◆ **Activity**
Restate the data word for word and leave the images out.

◆ **Data excerpt**
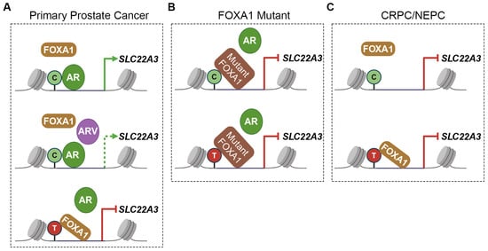 A working model to elucidate the interplay between FOXA1 and AR in regulating SLC22A3 transcription through SNP rs9364554. (A) Specifically, in primary prostate cancer, SLC22A3 is upregulated in AR FL-expressing cells but diminished in ARV-expressing cells in a background of C allele SNP rs9364554. However, in a background of T allele SNP rs9364554, FOXA1 competes AR in binding this site and undermines SLC22A3 transcription. (B) The mutations of FOXA1 enhance its binding affinity to either the C or T allele, resulting in the suppression of AR target gene expression. (C) In CRPC or NEPC patients, the lack of AR expression impairs SLC22A3 expression.
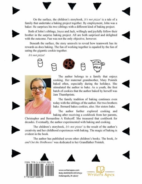 On the surface, the children's storybook, It's not pizza! is a tale of a family that undertake a baking project together. By employment, John was a baker. He surprises his two siblings with a different kind of baking project. Both of John's siblings, Joyce and Jack, willingly and joyfully follow their brother in the surprise baking project. All are both surprised and delighted with the outcome. Fun was not the only objective, however. Beneath the surface, the story unravels to reveal how teamwork has its rewards as does baking. The fun of working together is equaled by the fun of eating the gigantic cookie together. It's not pizza!
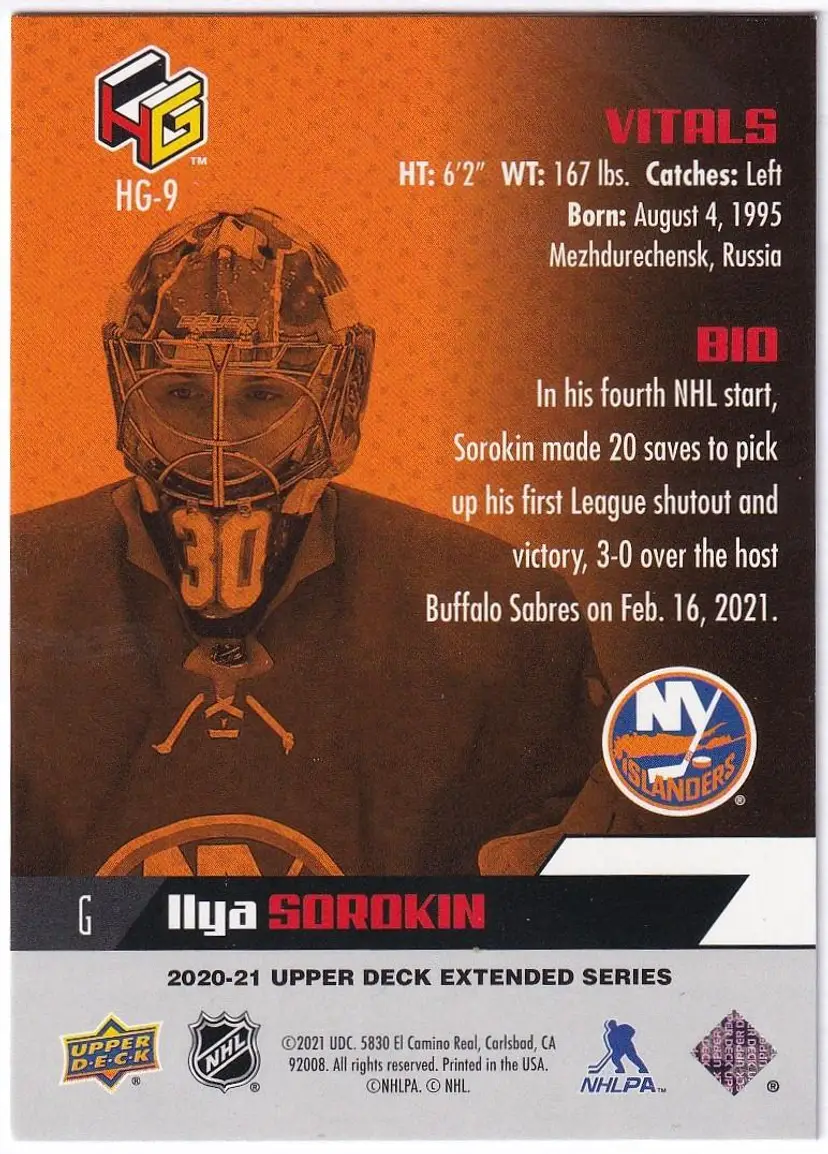 2020-21 Upper Deck HoloGrFx Rookies #HG9 Ilya Sorokin New York Islanders
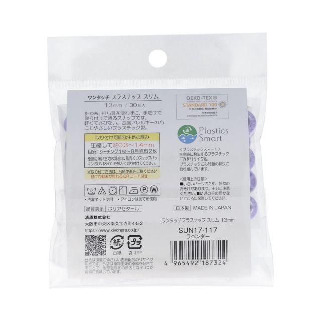 スタイル:直径13mm大容量30組入◆商品名:KIYOHARAサンコッコーワンタッチプラスナップスリム大容量30組入直径13mmラベンダーSUN17-117

◆ **Answer section**
 A working model to elucidate the interplay between FOXA1 and AR in regulating SLC22A3 transcription through SNP rs9364554. (A) Specifically, in primary prostate cancer, SLC22A3 is upregulated in AR FL-expressing cells but diminished in ARV-expressing cells in a background of C allele SNP rs9364554. However, in a background of T allele SNP rs9364554, FOXA1 competes AR in binding this site and undermines SLC22A3 transcription. (B) The mutations of FOXA1 enhance its binding affinity to either the C or T allele, resulting in the suppression of AR target gene expression. (C) In CRPC or NEPC patients, the lack of AR expression impairs SLC22A3 expression.
 On the surface, the children's storybook, It's not pizza! is a tale of a family that undertake a baking project together. By employment, John was a baker. He surprises his two siblings with a different kind of baking project. Both of John's siblings, Joyce and Jack, willingly and joyfully follow their brother in the surprise baking project. All are both surprised and delighted with the outcome. Fun was not the only objective, however. Beneath the surface, the story unravels to reveal how teamwork has its rewards as does baking. The fun of working together is equaled by the fun of eating the gigantic cookie together. It's not pizza!
 2020-21 Upper Deck HoloGrFx Rookies #HG9 Ilya Sorokin New York Islanders
 スタイル:直径13mm大容量30組入◆商品名:KIYOHARAサンコッコーワンタッチプラスナップスリム大容量30組入直径13mmラベンダーSUN17-117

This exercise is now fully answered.